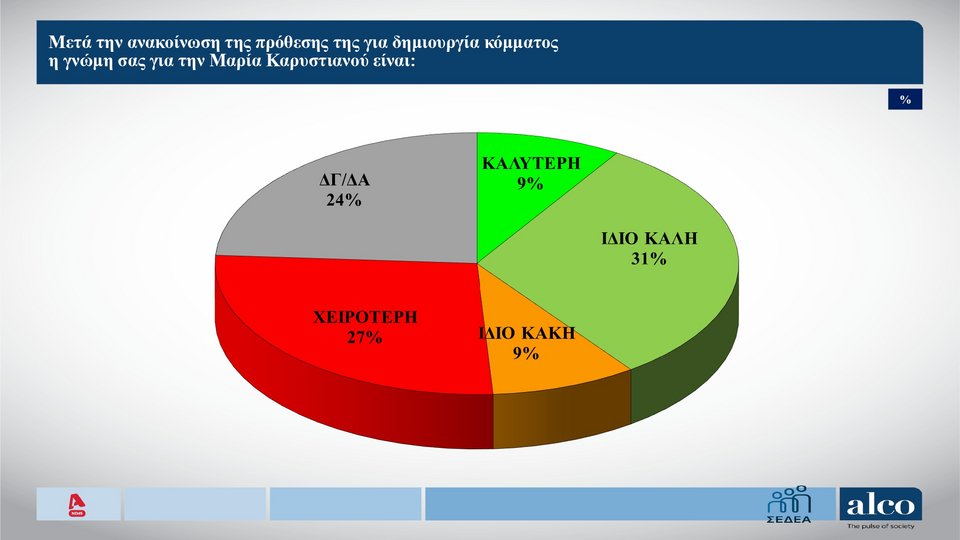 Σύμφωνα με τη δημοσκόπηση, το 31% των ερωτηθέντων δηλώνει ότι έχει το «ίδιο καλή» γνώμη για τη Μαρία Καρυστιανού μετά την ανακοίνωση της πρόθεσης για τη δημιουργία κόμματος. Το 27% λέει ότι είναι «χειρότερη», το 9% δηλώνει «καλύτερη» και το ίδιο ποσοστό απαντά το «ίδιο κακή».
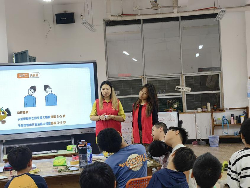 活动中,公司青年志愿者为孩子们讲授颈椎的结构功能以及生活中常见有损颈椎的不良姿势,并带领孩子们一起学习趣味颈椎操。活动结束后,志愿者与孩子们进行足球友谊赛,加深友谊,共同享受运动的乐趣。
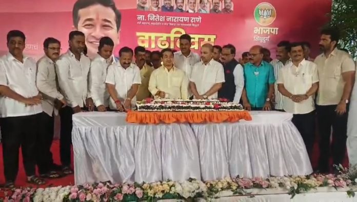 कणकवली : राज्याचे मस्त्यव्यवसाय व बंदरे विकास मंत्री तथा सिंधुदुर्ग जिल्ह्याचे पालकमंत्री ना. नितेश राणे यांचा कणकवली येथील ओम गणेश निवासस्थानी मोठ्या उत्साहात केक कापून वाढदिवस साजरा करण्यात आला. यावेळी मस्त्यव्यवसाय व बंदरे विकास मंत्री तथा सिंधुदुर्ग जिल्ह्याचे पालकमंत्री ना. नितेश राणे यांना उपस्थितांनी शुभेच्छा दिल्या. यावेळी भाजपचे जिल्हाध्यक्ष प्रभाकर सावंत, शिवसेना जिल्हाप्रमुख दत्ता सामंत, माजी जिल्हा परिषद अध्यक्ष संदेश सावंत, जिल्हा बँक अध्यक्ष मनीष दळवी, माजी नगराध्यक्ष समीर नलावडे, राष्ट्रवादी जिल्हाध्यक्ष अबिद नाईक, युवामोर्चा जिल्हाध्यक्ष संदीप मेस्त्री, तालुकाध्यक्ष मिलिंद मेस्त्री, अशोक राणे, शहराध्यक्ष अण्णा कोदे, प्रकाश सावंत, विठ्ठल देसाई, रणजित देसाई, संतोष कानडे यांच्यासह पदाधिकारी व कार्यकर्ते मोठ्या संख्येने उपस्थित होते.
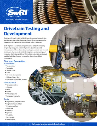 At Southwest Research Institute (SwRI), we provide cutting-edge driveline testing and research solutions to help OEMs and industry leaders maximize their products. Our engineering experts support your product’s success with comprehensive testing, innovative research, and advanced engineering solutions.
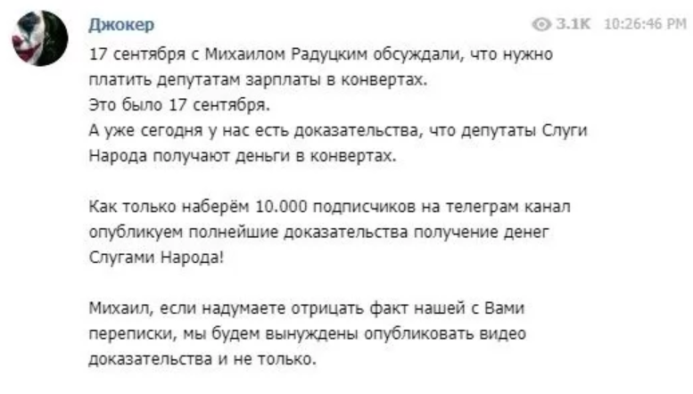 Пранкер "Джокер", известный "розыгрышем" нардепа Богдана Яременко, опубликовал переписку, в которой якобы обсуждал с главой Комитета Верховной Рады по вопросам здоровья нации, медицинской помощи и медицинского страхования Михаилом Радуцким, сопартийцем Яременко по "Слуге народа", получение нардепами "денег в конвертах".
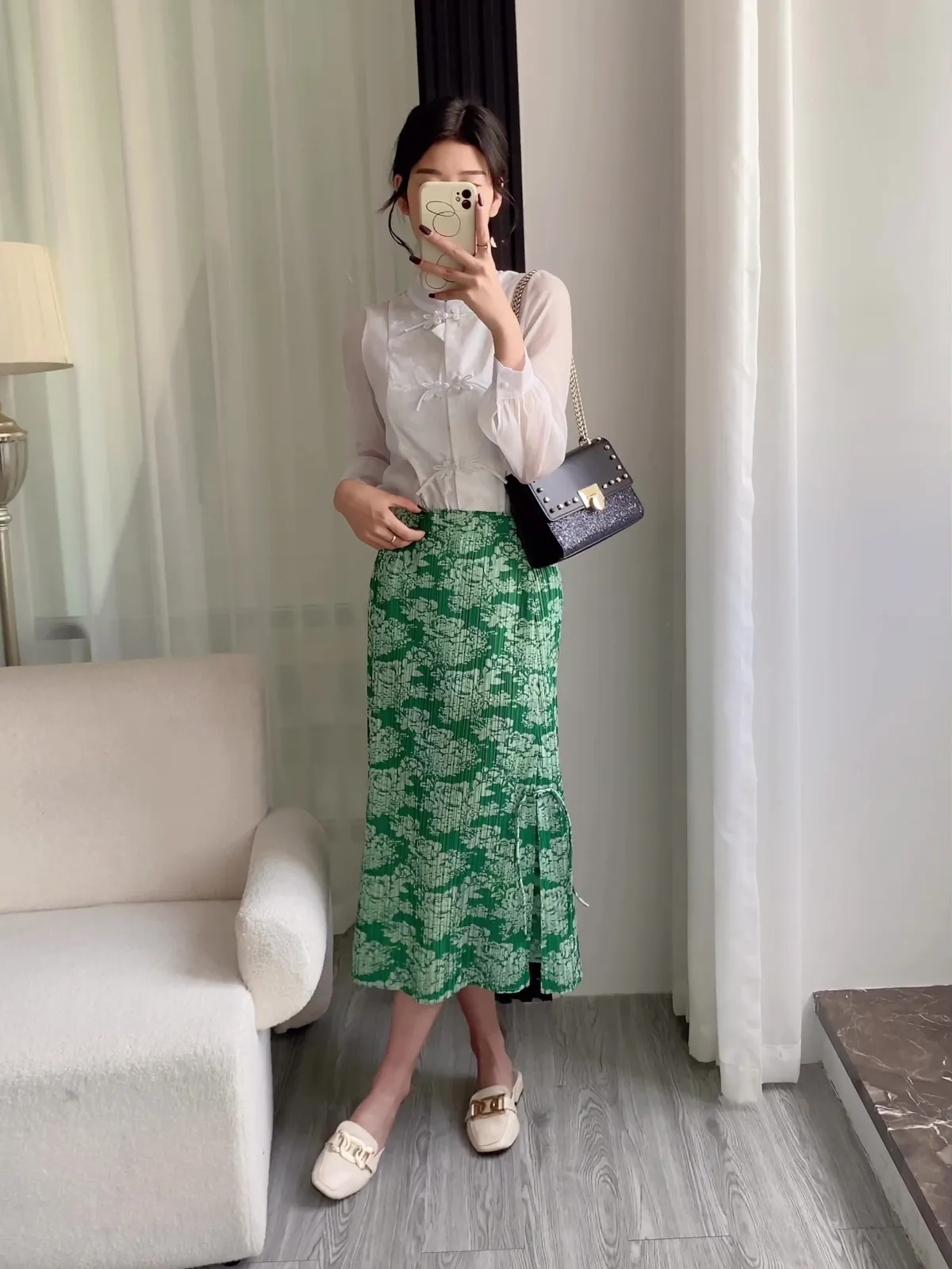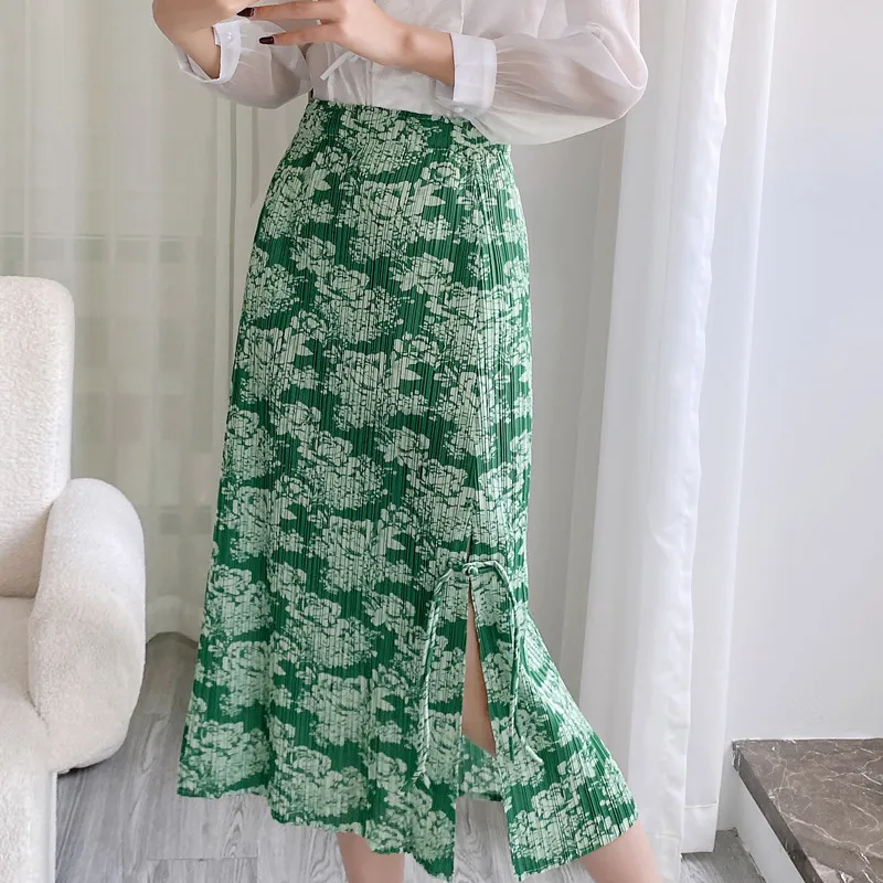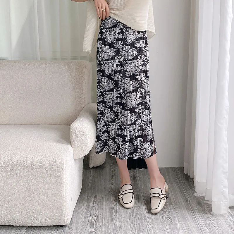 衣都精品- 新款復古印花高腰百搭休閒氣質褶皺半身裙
▬▬▬▬▬▬▬▬▬▬
## Description of the task
Word for word, write out the lines from the top of the records above down to the line holding "活动中,公司青年志愿者为孩子", inclusive, but not the pictures.

## Answer for this exercise
 Σύμφωνα με τη δημοσκόπηση, το 31% των ερωτηθέντων δηλώνει ότι έχει το «ίδιο καλή» γνώμη για τη Μαρία Καρυστιανού μετά την ανακοίνωση της πρόθεσης για τη δημιουργία κόμματος. Το 27% λέει ότι είναι «χειρότερη», το 9% δηλώνει «καλύτερη» και το ίδιο ποσοστό απαντά το «ίδιο κακή».
 活动中,公司青年志愿者为孩子们讲授颈椎的结构功能以及生活中常见有损颈椎的不良姿势,并带领孩子们一起学习趣味颈椎操。活动结束后,志愿者与孩子们进行足球友谊赛,加深友谊,共同享受运动的乐趣。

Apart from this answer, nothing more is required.